Member countries of the International Monetary Fund (IMF) can use the special drawing rights (SDR) they received during the global additional issue to exchange for a freely usable currency (dollar, euro, pound sterling, yen, yuan) to adjust the composition of their international reserves or finance budget expenditures. This is stated in the IMF policy document on the use of new SDRs, published on August 23.
Earlier, the IMF announced that the “historic” distribution of 456 billion SDRs, equivalent to $650 billion, has come into force - additional reserve assets are distributed as part of the fight against the crisis due to the pandemic among 187 fund participants in proportion to their quotas in the IMF. Three countries - Venezuela, Myanmar and Afghanistan - did not receive their SDR due to uncertainty with the legitimate government.

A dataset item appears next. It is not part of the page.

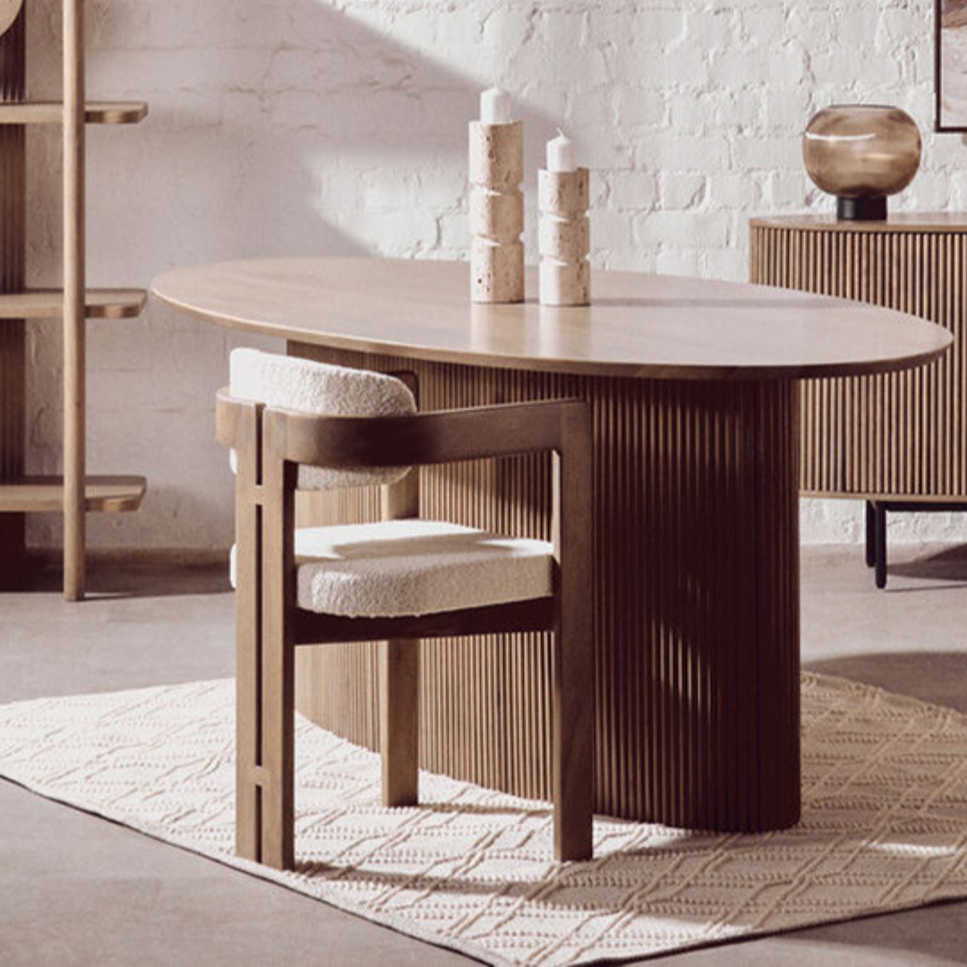 Create unforgettable dining moments with the Verona Grey Mango Wood Oval Dining Table. Featuring a beautifully ridged base and a spacious oval tabletop, this contemporary centerpiece is crafted from 100% solid mango wood. The smooth grey finish and natural grain patterns bring warmth and sophistication to any dining room.

Russia got about $17.5 billion worth of SDRs.
Russia received $18 billion from the IMF Economics
States that have current debt obligations to the IMF can also use the received SDRs to service these debts, the document says. Another way is to exchange the SDR for a freely usable currency (a characteristic assigned by the fund itself) and use it to reduce external or expensive domestic public debt.
“Using resources, including SDRs, to mitigate the effects of the COVID-19 pandemic can bring significant benefits in the short and long term,” the fund notes. He points out that where national institutional arrangements allow, SDRs can be used to increase government funding. In this case, the country's central bank may, for example, exchange the received SDRs for another currency and lend it to the finance ministry.